FINRA extends surveillance coverage with BATS agreement

The Financial Industry Regulatory Authority has extended its surveillance to 99% of US equities trading after forming an agreement with exchange operator BATS Global Markets.

The Financial Industry Regulatory Authority (FINRA) has extended its surveillance to 99% of US equities trading after forming an agreement with exchange operator BATS Global Markets.

The regulatory service agreement means FINRA will aggregate trading data from BATS’ four order books alongside other US markets including Nasdaq and the New York Stock Exchange (NYSE) to monitor abusive trading conduct.

In a statement, FINRA said the agreement means the regulator has extended its coverage from 90% of US equities trading to 99%, which would further strengthen its efforts to maintain the integrity of markets.

“FINRA’s comprehensive cross-market surveillance patterns will soon cover nearly 100 percent of the listed equities market.
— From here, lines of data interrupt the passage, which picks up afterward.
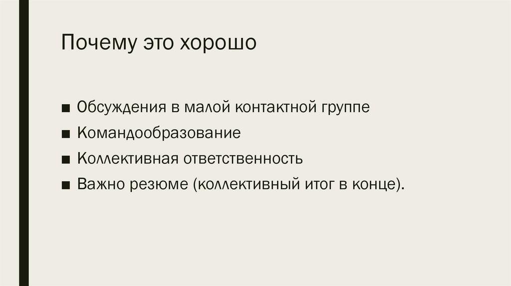 Почему это хорошо■ Обсуждения в малой контактной группе
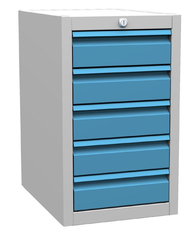 Five-drawer hanging container for MTS tables, width 360, height 600, depth 500 mm. Body color RAL 7035 light gray. full description and parameters
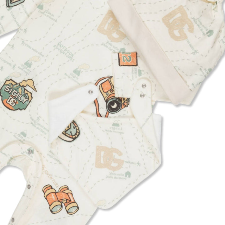 Baby girls cream graphic-print rompers set of 3 by Dolce & Gabbana crafted from ultra-soft cotton featuring playful logo and motif prints, offering comfort and luxury for everyday wear.
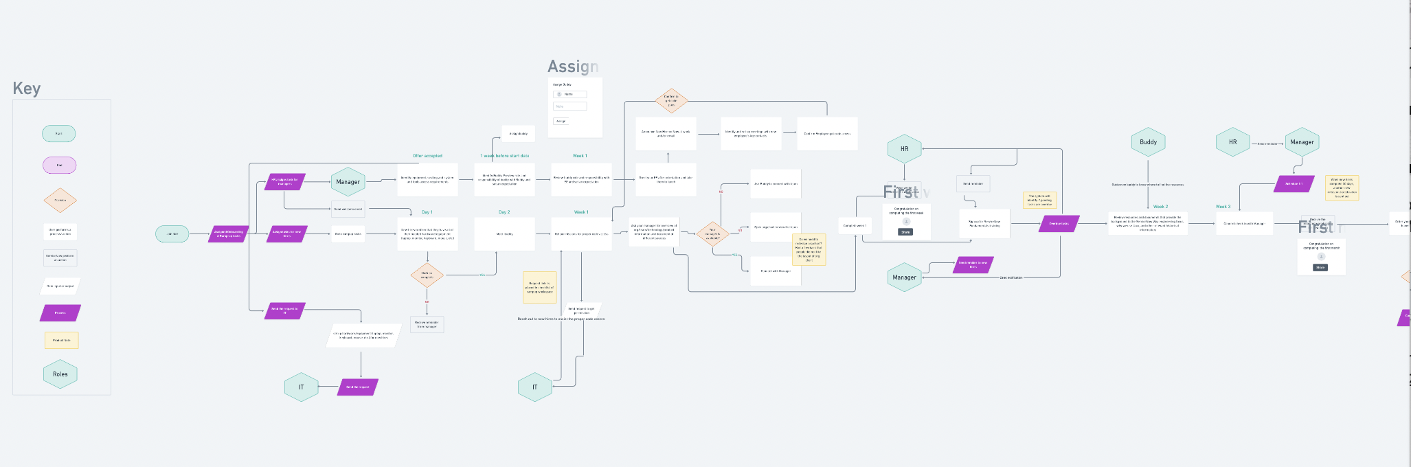 After identifying the checklist provided by HR, we conducted a brainstorming session to outline the 90-day activities of new hires, HR, and managers. This helped us ensure that all necessary steps were designed for a smooth flow of communication among departments.
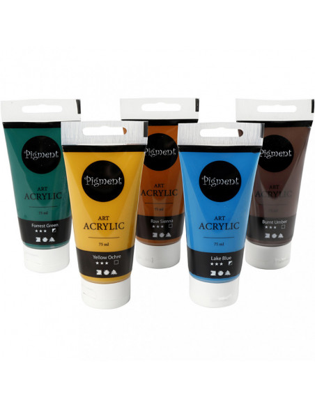 Pigment Art acrylverf op waterbasis, Natuurlijke kleuren, 5x75 ml.
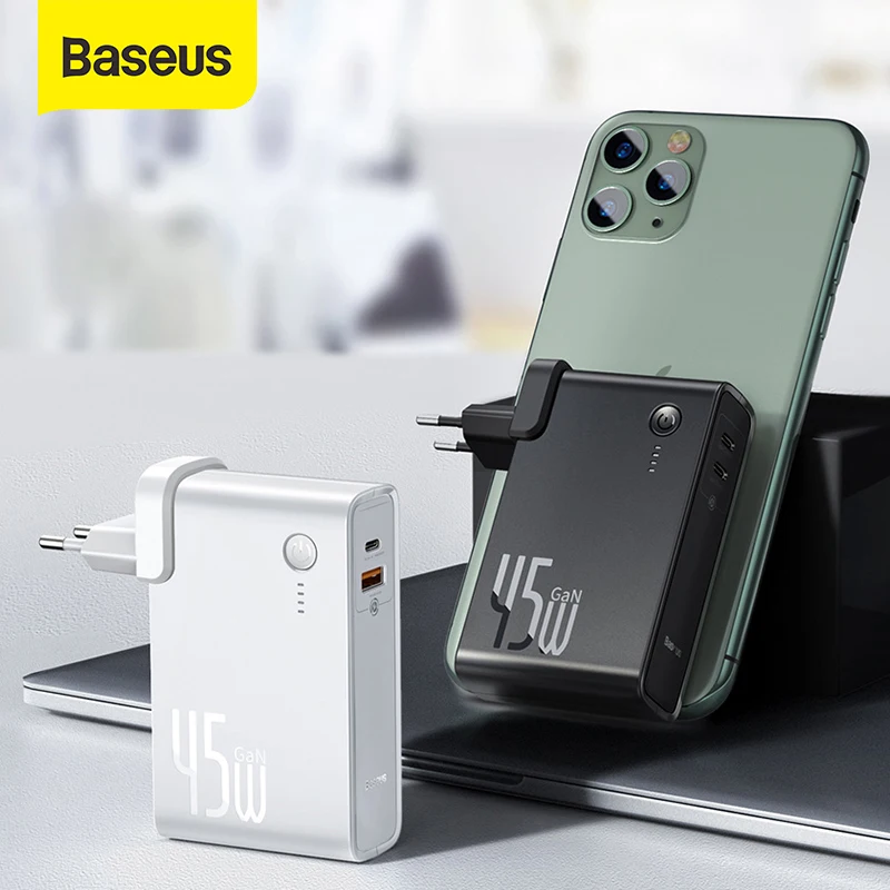 Внешний аккумулятор Baseus 2 в 1 GaN, 10000 мАч, 45 Вт, USB зарядное устройство, быстрая зарядка PD для iPhone, samsung, 5A, быстрая зарядка для ноутбука
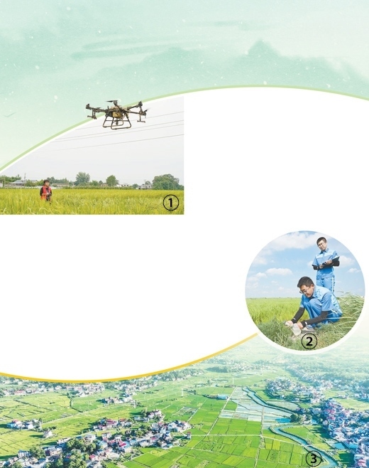 圖①:四川省綿陽(yáng)市安州區(qū)河清鎮(zhèn)同盛村雜交水稻制種基地,農(nóng)技人員操作植保無(wú)人機(jī)對(duì)水稻授粉。張祖強(qiáng)攝(人民視覺(jué)) 圖②:中化環(huán)境吉林分公司職員在大安市龍沼鎮(zhèn)龍海灌片03片區(qū)的水稻田內(nèi)取測(cè)水樣。新華社記者 李 賀攝 圖③:江西省萍鄉(xiāng)市上栗縣桐木鎮(zhèn)湖塘村鄉(xiāng)村風(fēng)光。李桂東攝(人民視覺(jué))

With this agreement, we will be better positioned to fulfill our mission of protecting investors by detecting and pursuing cross-market abuses and identifying new threats to the integrity of our markets,” said Thomas Gira, executive vice president, market regulation for FINRA.

The BATS exchanges will be included in the regulator’s surveillance activities from Q1 2015, while FINRA will perform examination services on behalf of BATS beginning immediately.

A merger between BATS and former rival Direct Edge was finalised this week, giving the combined entity over 20% of market share in US equities trading, second only to NYSE.